=== Section Start ===

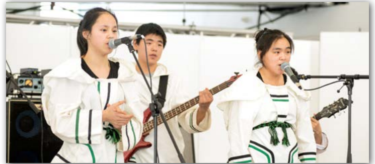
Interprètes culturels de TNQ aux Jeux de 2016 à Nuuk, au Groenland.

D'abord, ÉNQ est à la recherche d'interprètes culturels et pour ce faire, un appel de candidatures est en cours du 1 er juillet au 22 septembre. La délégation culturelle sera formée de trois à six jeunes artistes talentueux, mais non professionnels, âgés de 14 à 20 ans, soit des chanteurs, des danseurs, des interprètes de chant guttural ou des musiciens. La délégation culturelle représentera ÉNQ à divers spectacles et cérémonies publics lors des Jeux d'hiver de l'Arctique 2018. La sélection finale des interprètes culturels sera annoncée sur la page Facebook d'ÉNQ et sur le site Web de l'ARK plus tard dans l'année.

=== Section End ===
=== Section Start ===

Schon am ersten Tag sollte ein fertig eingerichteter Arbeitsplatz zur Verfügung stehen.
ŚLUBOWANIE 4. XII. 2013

=== Section End ===

**EXERCISE AIM:**
In the data above, find the line with "Schon am ersten" and the line with "ŚLUBOWANIE 4. XII. 2013". Retype both, plus every line between them, exactly.

**WRITTEN SOLUTION:**
Schon am ersten Tag sollte ein fertig eingerichteter Arbeitsplatz zur Verfügung stehen.
ŚLUBOWANIE 4. XII. 2013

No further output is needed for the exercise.